Share your dilemmas and get honest opinions from other Mumsnetters.

To ask how you'd feel if your midwife asked you this question?

240 replies

SeattleGraceMercyDeath · 13/09/2014 05:25

I'm a midwife at a large unit currently going for BFI status and we have been instructed to ask all women regardless of their stated intentions if they want to give their baby a breastfeed.

So even if a woman comes in very clear in their mind that they want to bottle fees and for whatever reason they don't want to breastfeed we have to ignore that and ask them if they will offer a breastfeed instead.

I have had a heated debate with the breastfeeding coordinator as I refuse to do it as I feel it will undermine my relationship with the bottle feeding women I look after.

So if you have made the decision to bottlefeed how would you feel if your midwife ignored that information and instead asked you to give your baby a first breastfeed, would you as the coordinator feels, think that you might have your mind changed or would you think 'that midwife hasn't listened to a word I say' and feel under pressure or made to feel guilty.

I'm prepared to have my mind changed but it just feels so wrong to me!

OP posts:
CaptainFracasse · 13/09/2014 16:07

Tbh I really don't think that talking about bfing should be done just after you have given birth.
Who on earth will have their mind clear enough to actually have a discussion about it,unless they already clearly know all the ins and outs?
And talking about it earlier, when the woman is in labour in the middle if contractions or under the influence of diamorphine? IMO both of those are a NO-NO. The one time it should be discussed is before hand.

I think I would just ask the woman 'if she would like to give the baby a breast feed?' Once the baby is her arms. And does she think she would need some help to do so? rather than then leaving her on her own to do so
The tone of Boise is essential here, more than the words.

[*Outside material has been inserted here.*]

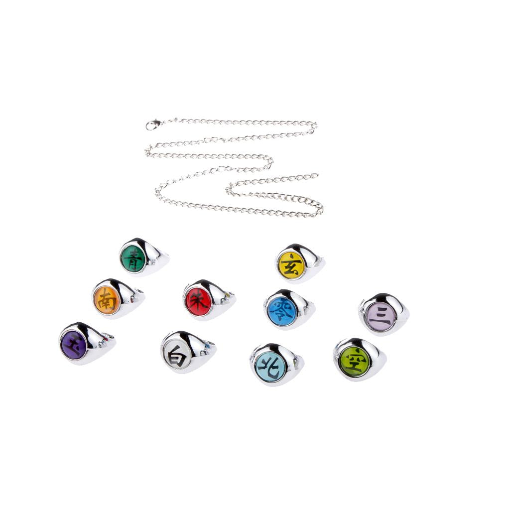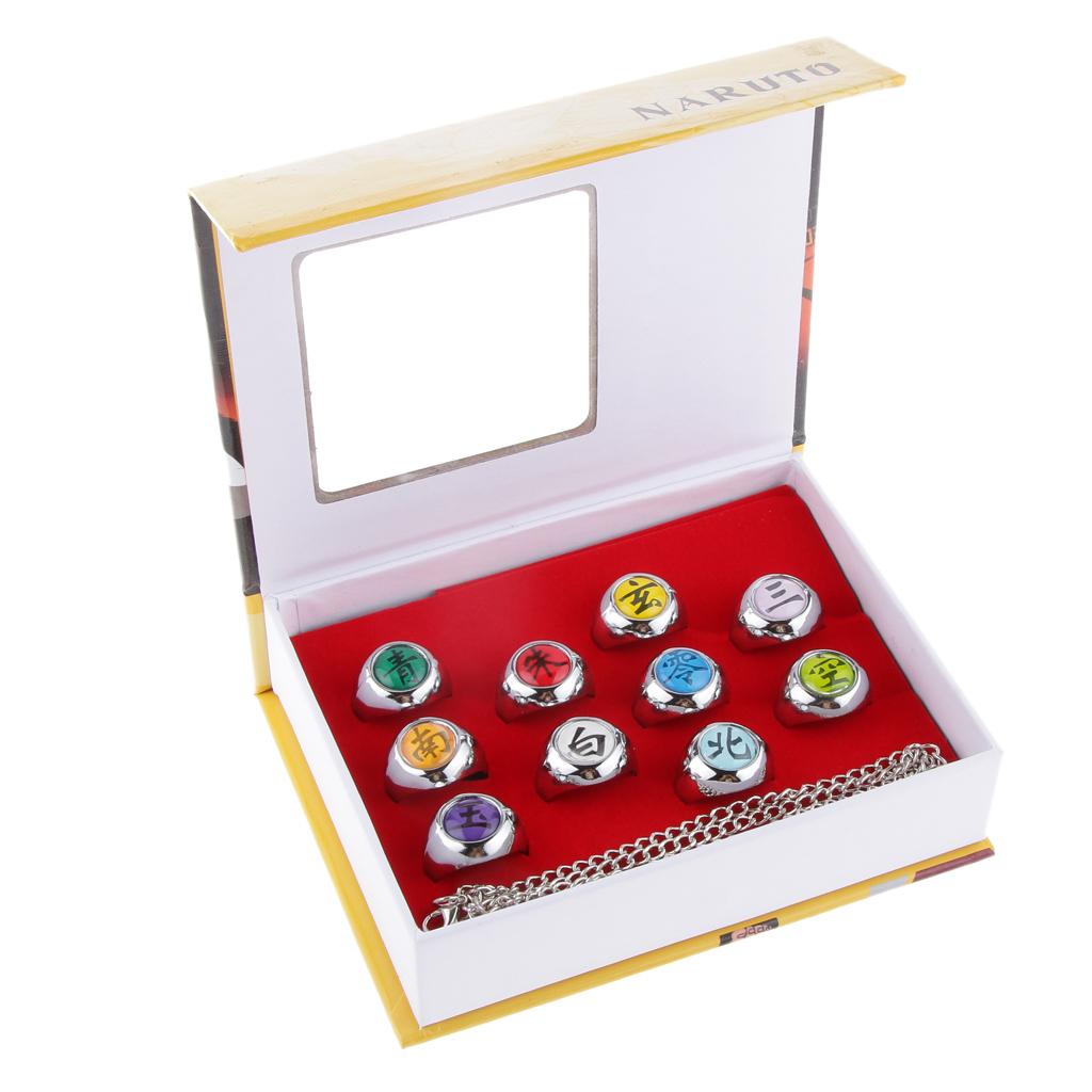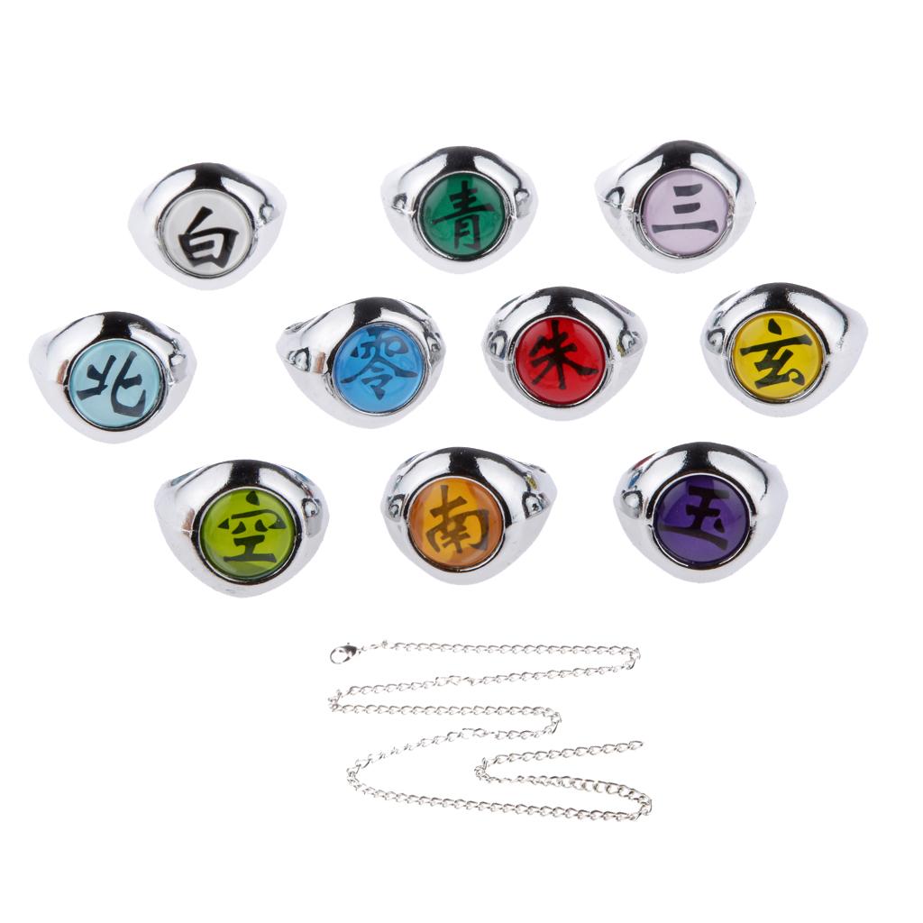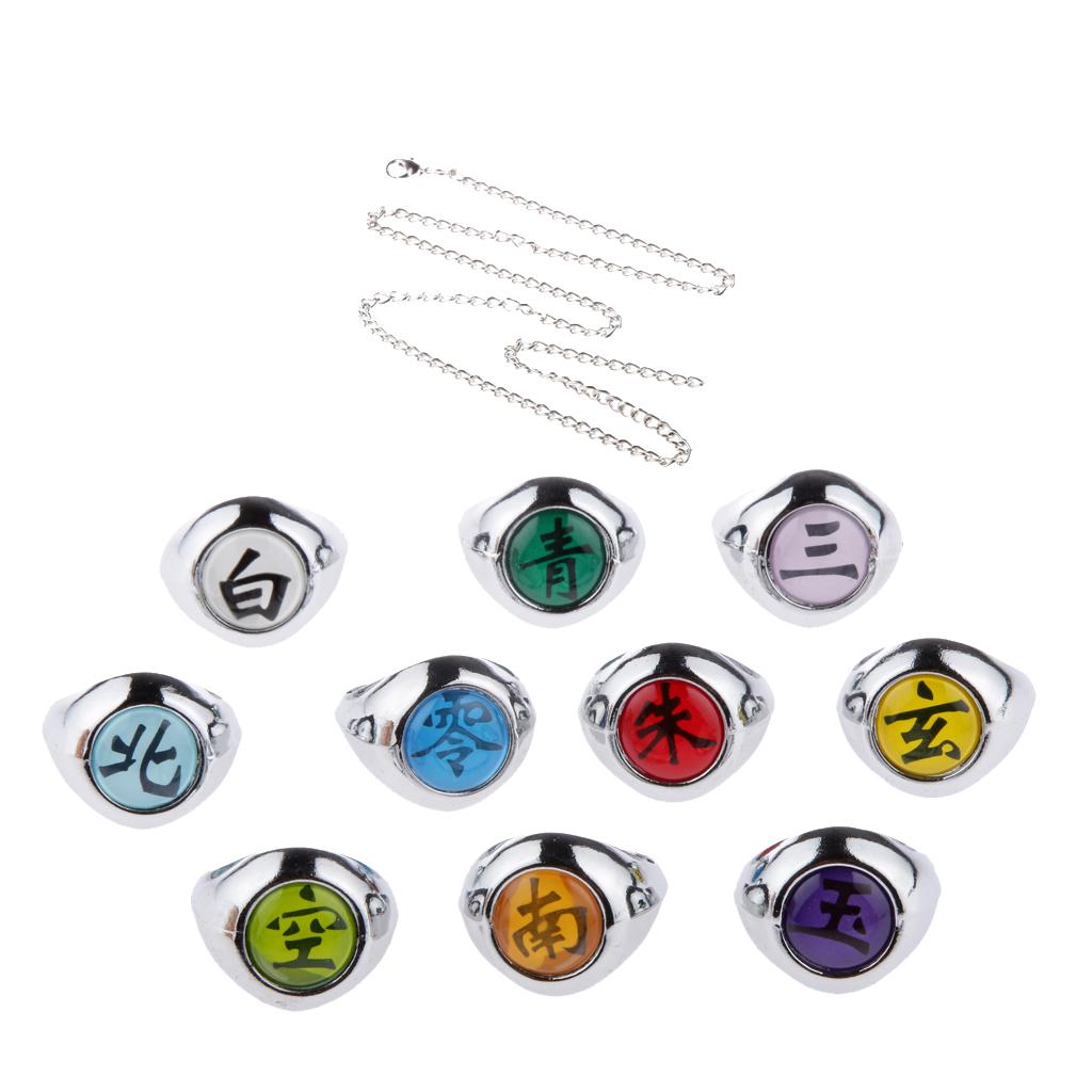 • 10pcs Naruto Shippuden Akatsuki Members Cosplay Rings + 1pc chain

Whether you want to force them to do so will be a cutely felt I think and the woman will be in a vulnerable position which is why it's even more crucial nit to force her to do something she doesn't want to do.

mignonette · 13/09/2014 16:08

Seattle

Assuming that all pregnant women plan to BF is ignoring the first principle of nursing and midwifery care- individualised, which recognises the personhood of the woman/patient.

I know you personally are not responsible for this but it needs challenging by all MWs and HCP's before this insidious process turns care into even more of a sausage factory.

Lagoonablue · 13/09/2014 16:14

In the scheme of things......so what? If you don't want to BF just say no. If the MW suggests you let baby have some colostrum as suggested above or sensitively asks the question then so what?

CaptainFracasse · 13/09/2014 16:25

lagoon I think that what the OP is saying g is that she is out in a position to 'push' the women to give it a try 'just in case they might actually do even though they hadn't planned to'.
Sensitive questions are always ok.

colleysmill · 13/09/2014 16:29

Thing is though if you are on medication you will probably have had this conversation several times over prior to actual delivery of your baby.

I met with the obstetrics team, a paediatrician and my own consultant (and a thread on here!!) before actually giving birth and we'd discussed it to death tbh. And whenever you meet anyone new you go over the same old ground again - like a broken record. Although I don't really blame anyone for not reading my huge notes it was all over my hand held ones.

Incidentally noone asked about my meds when I was on the ward I just had my prescribed stash in my bag(as I was told to do) and whilst I wasn't surprised, the poor on call doc was (when I went down with a hideous chest infection) when I said I was immunosuppressed and needed some antibiotics.

As an aside I did try to bf Ds1 so had to stop my medication 2 weeks before my due date to get it out my system so post birth is too late to change your mind anyway in my case. Ds 1 bf was a complete disaster for other reasons and despite only being off the meds for 4 weeks in the end it took 6 months to get me back stable again (and that partially influenced the advice of my consultant with ds2.)

IPityThePontipines · 13/09/2014 16:32

Stuff breastfeeding, can midwives and maternity services get on with the vitally more important task of ensuring all women are safe and well-cared for during labour.

Bulbasaur · 13/09/2014 16:36

This would be acceptable:

"I know you stated you would like to bottle feed, but we are required to ask if you would like to try a breast feed first"
"No thanks"
"Ok"

But the second a person starts pressuring or trying to guilt trip me would be the moment I got annoyed.

The best thing our pediatrician did for us on our hospital release check up when I said I wasn't sure if I wanted to breast feed anymore was to tell us that she has healthy FF babies and sickly BF babies. Then she gave us some free formula samples and recommended some bottle brands.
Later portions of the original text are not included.